Тогда-то вы и привыкли к свисту. А сейчас вас расстраивает, если фильм неуспешен?
Кино должно быть другим, уникальным, не похожим на всё остальное. Вот тогда — интересно. Может, это не будет хитом в прокате, может, критикам не понравится или даже возненавидят, но если зритель увидел нечто новое — значит, он не зря потратил время.
С таким подходом вас называют одной из главных звёзд европейского кино. Вам нравится это определение?
Да мне всё равно, честно. Хотя это не совсем точно. Может, с американской стороны кажется, будто Европа — это одно целое, но ведь Германия, Франция, Италия — очень разные страны. Это не единое пространство. Но, допустим, с их стороны океана — это может быть просто взгляд, образ. И он возможен.
Американское кино часто критикуют как слишком мейнстримное и поверхностное, но вы работали с Дарреном Аронофски и Дэвидом Кроненбергом, доказав, что в нём есть глубина.
Во-первых, люди часто путают американское кино и студийное кино — а это разные вещи. Чёрный лебедь — фильм Аронофски — ведь совершенно нетипичный американский фильм. Если совсем упрощать, то всё зависит от финала. Если хэппи-энд — значит, больше по-американски. Если неясно, кто плохой, кто хороший — это уже ближе к Европе. (Смеётся)

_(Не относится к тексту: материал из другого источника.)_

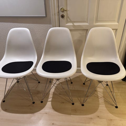 4 Originale Eames DSW glasfiber stole i cremefarvet med mørke træben.
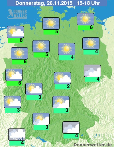 Heute Nachmittag strahlt besonders über Norddeutschland verbreitet die Sonne bei meist nur wenigen oder garkeinen Wolken, aber auch über dem Westen und der Mitte des Landes ist es oft nur locker bewölkt. Südlich eines breiten Streifens vom Schwarzwald bis nach Sachsen ist es oft stark, teils aber auch aufgelockert bewölkt, bevorzugt am Alpenrand und regional auch im übrigen Süden des Landes fällt zeitweise Schnee oder Schneeregen, dabei besteht Glättegefahr! Sonst ist es jedoch verbreitet trocken. Die Temperatur steigt auf 2 Grad am Steigerwald und bis 8 Grad an der Wesermündung.
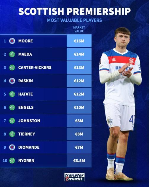 北京时间12月10日,在更新了苏格兰超级联赛的球员身价之后,德转统计出了苏超目前身价排名前10的球员,托特纳姆热刺外租格拉斯哥流浪者的英格兰18岁边锋米凯伊-穆尔以1600万欧元的身价排名第一,凯尔特人的两位日本球星前田大然和旗手怜央上榜。
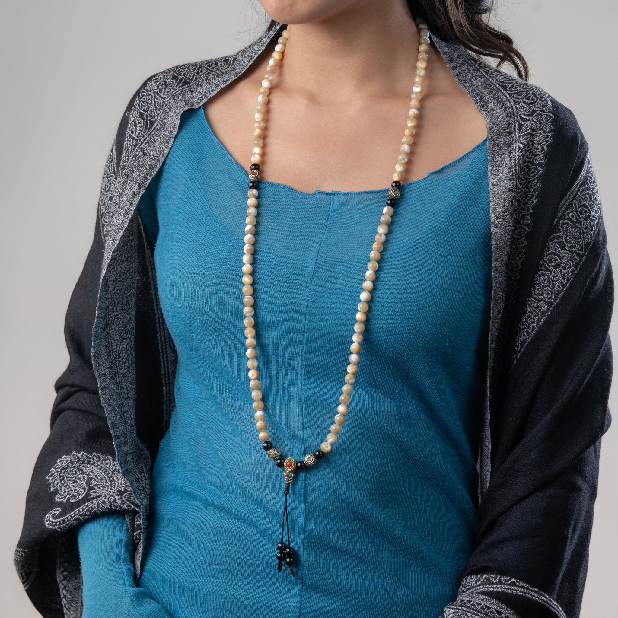 The beautiful sheen of the Mother of Pearl beads makes each mala a unique, elegant accessory while supporting emotional harmony and inner peace.
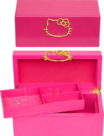 - Officially licensed Sanrio merchandise inspired by Hello Kitty Super cute pink wooden jewelry organizer features a golden Hello Kitty icon handle with a removeable inner tray and luxurious ultra suede inner lining Hello Kitty jewelry box measures 10" x 2" x 5" and is ideal for rings, earrings, necklaces, bracelets and anklets Gift idea Hello Kitty fans will love on any occasion including Bridal, Valentine's Day, Christmas, Mother's Day, Birthdays, Easter or just because
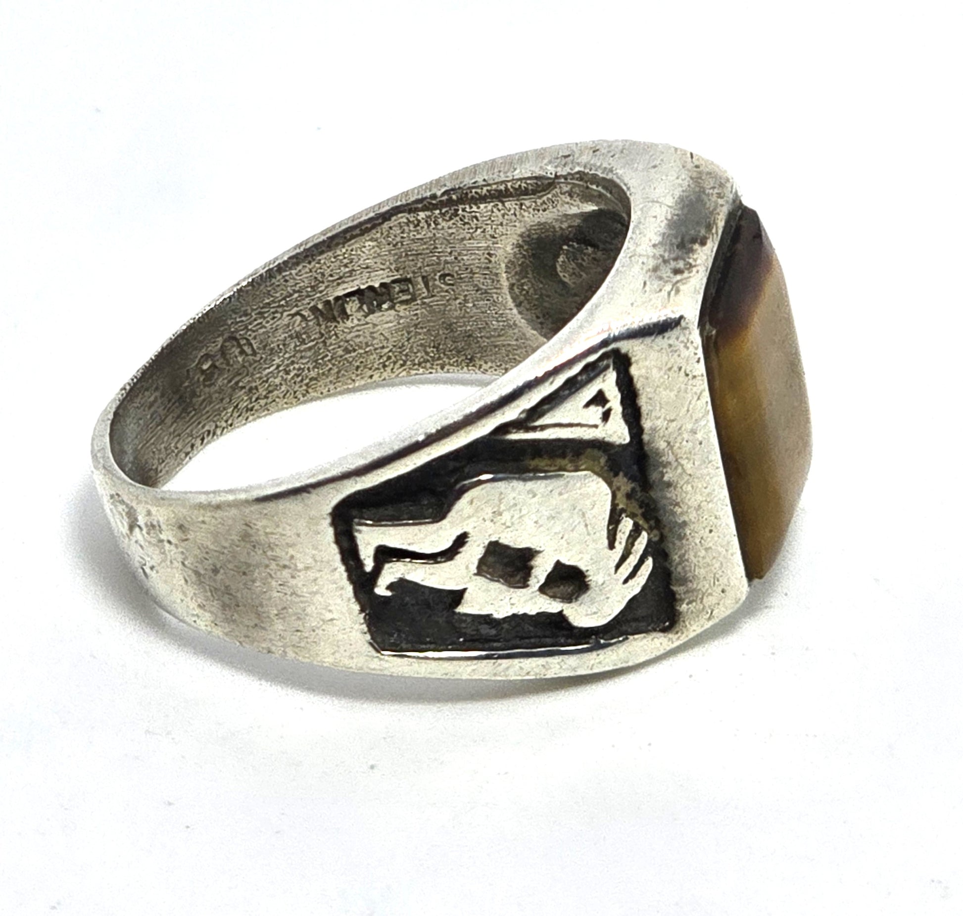 Brown Tiger's eye Kokopelli Native American sterling silver ring band size 7
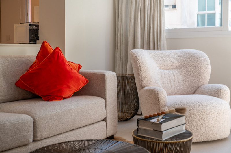 Apartamentul a fost proiectat cu gust, cu o ușă ascunsă pentru spălătorie și oferă o zonă de living și luat masa luminoasă, cu plan deschis, cu multă lumină naturală.

Господин Дефо, какой фильм сильнее всего повлиял на вашу жизнь?
Сложно сказать. Наверное, первый — Без любви (1981), или, может быть, Жить и умереть в Лос-Анджелесе. Очевидно, Взвод, но это уж слишком очевидный ответ. Он действительно изменил уровень узнаваемости, на какое-то время поднял мой статус, но вместе с этим принёс и проблемы. После Взвода стало очень трудно находить хорошие роли.

Мистер Феррелл, в какой период своей жизни вы больше всего пили?
Определённо в колледже. Но и когда я был на Saturday Night Live, мы с актёрами тоже нередко выбирались куда-нибудь. Это легко, когда живёшь в Нью-Йорке и не нужно никуда ехать за рулём. Нью-Йорк — отличное место для тусовок. В двадцать и даже в тридцать лет я хорошо проводил время, да. Но не было ни разу, чтобы я проснулся с мыслью: «Пора завязывать, у меня проблемы».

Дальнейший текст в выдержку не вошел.